В цитированном «Взгляде на старую и новую словесность» А. Бестужев писал: «…Бросим взор на степь русской прозы. Назвав Жуковского и Батюшкова, которые писали… мало…, невольно останавливаешься, дивясь безлюдью сей стороны <…> Слог прозы требует не только знания грамматики языка, но и грамматики разума… От сего-то у нас такое множество стихотворцев (не говорю, поэтов) и почти вовсе нет прозаиков, и как первых можно укорить бледностию мыслей, так последних погрешностями противу языка»[92 - Декабристы. Эстетика и критика. С. 98.].

Здесь два противоречивых суждения. Проза требует «грамматики разума», следовательно, не только языка, но расчета, обдуманного расположения частей, работы над построением большого произведения. И тут же говорится о погрешностях языка как причине отсутствия прозаиков. Так Бестужев оценил собственное творчество: «Исторические повести Марлинского, в которых он, сбросив путы книжного языка, заговорил живым русским наречием, служили дверьми в хоромы полного романа»[93 - Там же. С. 170.].

Опять ни слова о композиции, хотя к этому времени (1833) уже существовали «Повести Белкина» с новым для тогдашней русской прозы опытом компоновки большого произведения. Именно в этой вещи Пушкин окончательно отойдет от опыта стиха и попробует написать прозу на иных, не стиховых (языковых) началах. Не исключено, это имел в виду Б. Эйхенбаум в статье «Путь Пушкина к прозе» (1923).

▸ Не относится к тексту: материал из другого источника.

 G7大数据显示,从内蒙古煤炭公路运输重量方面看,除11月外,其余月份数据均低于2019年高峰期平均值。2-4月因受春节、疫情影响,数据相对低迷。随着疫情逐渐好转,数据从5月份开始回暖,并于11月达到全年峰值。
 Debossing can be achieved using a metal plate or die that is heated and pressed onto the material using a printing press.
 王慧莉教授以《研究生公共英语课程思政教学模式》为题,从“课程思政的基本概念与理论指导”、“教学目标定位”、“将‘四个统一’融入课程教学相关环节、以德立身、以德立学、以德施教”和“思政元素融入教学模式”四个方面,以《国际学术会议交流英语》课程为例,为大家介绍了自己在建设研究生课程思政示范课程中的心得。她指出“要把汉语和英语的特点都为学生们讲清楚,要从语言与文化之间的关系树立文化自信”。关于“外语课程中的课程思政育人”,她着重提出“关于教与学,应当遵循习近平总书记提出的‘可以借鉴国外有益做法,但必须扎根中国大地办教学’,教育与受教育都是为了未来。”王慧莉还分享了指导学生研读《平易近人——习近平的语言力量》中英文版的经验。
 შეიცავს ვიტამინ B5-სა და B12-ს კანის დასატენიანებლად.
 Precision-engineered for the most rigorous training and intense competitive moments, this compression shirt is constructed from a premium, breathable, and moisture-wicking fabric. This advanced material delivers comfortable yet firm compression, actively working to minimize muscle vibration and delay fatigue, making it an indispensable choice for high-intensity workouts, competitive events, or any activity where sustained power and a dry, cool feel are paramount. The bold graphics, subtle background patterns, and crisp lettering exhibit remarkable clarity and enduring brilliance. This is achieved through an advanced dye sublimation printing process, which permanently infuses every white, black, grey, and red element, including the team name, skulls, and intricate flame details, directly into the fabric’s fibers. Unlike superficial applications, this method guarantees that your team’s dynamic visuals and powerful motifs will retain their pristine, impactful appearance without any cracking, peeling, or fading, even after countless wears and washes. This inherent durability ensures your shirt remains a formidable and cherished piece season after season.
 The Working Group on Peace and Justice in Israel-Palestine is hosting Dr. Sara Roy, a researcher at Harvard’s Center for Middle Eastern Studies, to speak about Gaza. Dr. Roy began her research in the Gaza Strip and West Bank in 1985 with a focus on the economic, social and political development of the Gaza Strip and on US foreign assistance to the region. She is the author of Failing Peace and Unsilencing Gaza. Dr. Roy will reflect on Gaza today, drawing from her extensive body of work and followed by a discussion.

Выше говорилось, что Жуковский рассматривал «Историю» Карамзина в качестве одной из предпосылок новой русской прозы. Однако другой критик, Н. Полевой, находит в «Истории» явные следы стиховой культуры, косвенно подтвердив справедливость гипотезы Б. Эйхенбаума о пути Пушкина к прозе через стих:

«…Слишком уж приметно в нем желание гармонии, видно усилие искусства, и это усилие вводит Карамзина в утомительное однообразие: применившись к нему, можете даже наперед указывать на его падения риторические, бить такт при чтении…»[94 - Полевой Н. Очерки русской литературы. С. 140.].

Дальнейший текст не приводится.